As an adult, Darling started to extend her love of Barbie into other facets of her life. After all, the Barbie brand isn’t limited to just a doll; why should Darling be? When Jeremy Scott designed the spring 2015 collection for Moschino, which was entirely Barbie-inspired, Darling started to dress like her, as well. “Who else is buying this but me? This was designed specifically for me, and I just need to buy as much as I can,” Darling remembers thinking at the time. “And yeah, I turned 35, so maybe it was a midlife crisis too. I’ve always toyed around with dressing like Barbie every day. But it wasn’t until then that I was like, ‘I need to wear pink all the time because it makes me really happy.’”
Darling lives in the penthouse, complete with a lounge, living room, a walk-in Barbie closet, guest room, bedroom, and bathroom.
The walls of most of the rooms are a rich mauve, including the built-in bookcase, which houses some of Darling’s collection (in addition to Barbies, she collects Jem and the Holograms and Wonder Woman dolls). Two of the most notable artworks are life-size mannequins that Darling “rescued” from MAC in 2007, following the brand’s collaboration with Mattel. “I went to the SoHo store at Spring and Mercer and at 6:00 AM to go procure these giant, six-foot-tall Barbie mannequins,” Darling says. “I’m standing there—and this was way before Uber, so I’m trying to get a cab that could fit these. I’m trying to hail a cab looking like I do, holding this big blonde Barbie. And I look and there’s early morning tourists in SoHo taking my photo.” (Years later, Darling snagged a black and white chevron bathing suit for one of the mannequins, and, during COVID, hand-stitched pink sequins onto it.)

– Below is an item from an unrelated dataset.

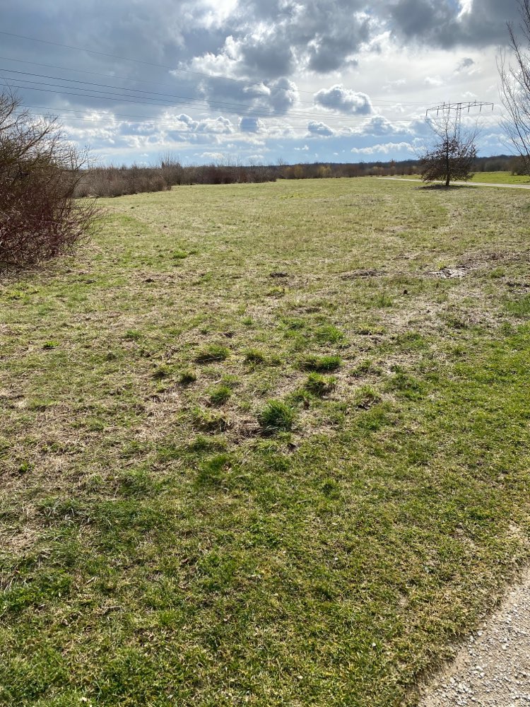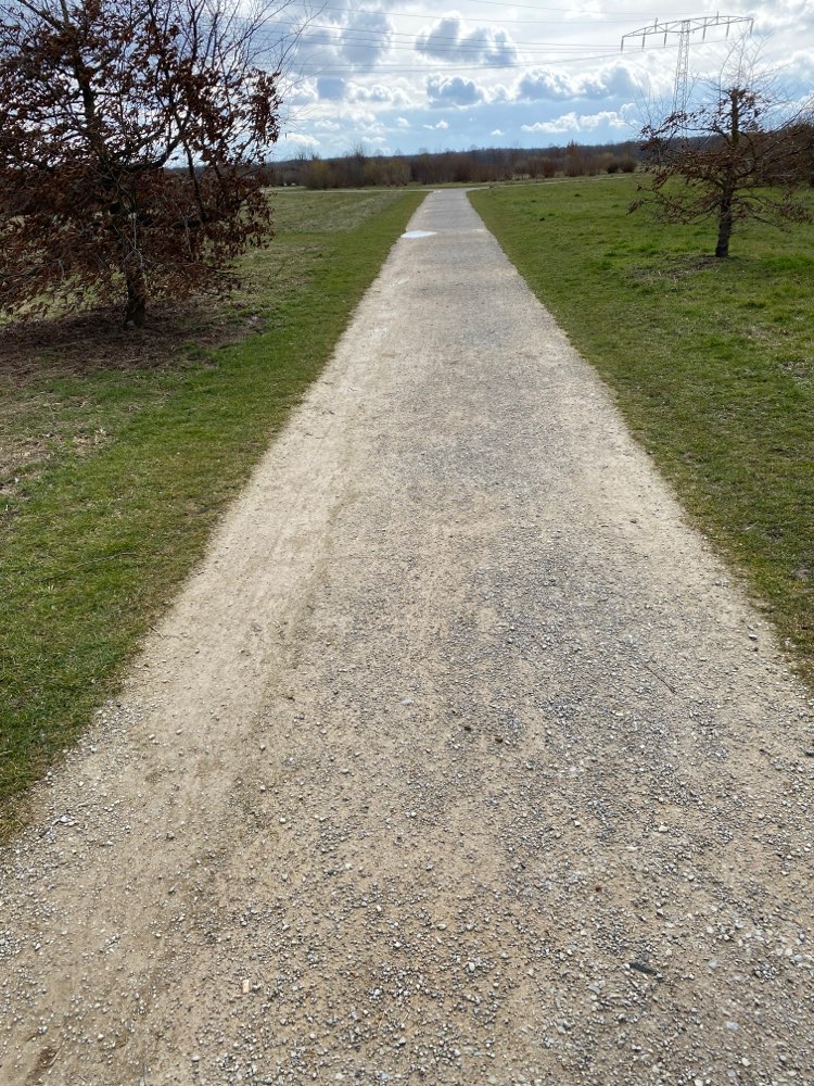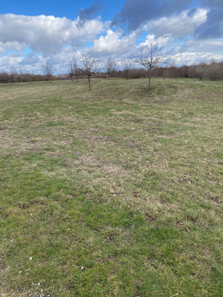 Wiesengelände mit Buschgruppen, anschließende Spazierwege

But the dreamiest part of the DreamHouse is the Barbie closet, painted a shocking fuschia that would make Schiaparelli proud. In the closet is the entire spring 2015 Moschino collection, and many of the Barbies that inspired Scott line the opposite wall. The Fashion Jean Barbie is on the right of the door, and the human-size Fashion Jeans are on the left. “I scored one of each, and then all the vintage Barbies,” Darling says. “In peak COVID, you got really good deals on stuff.”
This may seem like the kind of unrestrained opulence that led to the wacky, campy Barbies Darling loves from the 1980s and 1990s, but in truth, it takes a certain amount of rigor to craft a home this specific. It’s a lot of waiting, and a lot of saying no. “I can’t just go to West Elm and be able to take that and that,” she says. “Which is on one hand annoying because it takes forever, but on the other hand, [I get] exactly what I want..” It’s how she approaches doll-collecting, too.
Darling’s Barbie collection has three key subcategories: the Moschino dolls (a more recent addition), dolls with a hair or makeup-play element (what she collected in New York when space was limited), and the 1980s dolls in their pink packaging that she adored as a child. One particularly interesting find is an admittedly creepy mid-century wearable mask of Barbie’s face. “It’s so uncanny valley. But it’s like, I want to be Barbie. You can be Barbie. Everyone can be Barbie.”
One thing is clear: this is no passing fad. Long after Barbie comes out and Margot Robbie stops dressing like vintage dolls, Darling will still be living in her pink world. Is she daunted by the prevalence of the trend? “People are coming up to me, saying ‘Oh, I love your Barbiecore look,’” Darling says. “It’s like, ‘Well, thank you. I’ve been doing it for quite a long time.’ At first you’re like, Oh God, do I need to change my look? If everyone else is doing it, do I need to do something else until it falls out of fashion and I can do it again? But I’m just doubling down: everything pink.”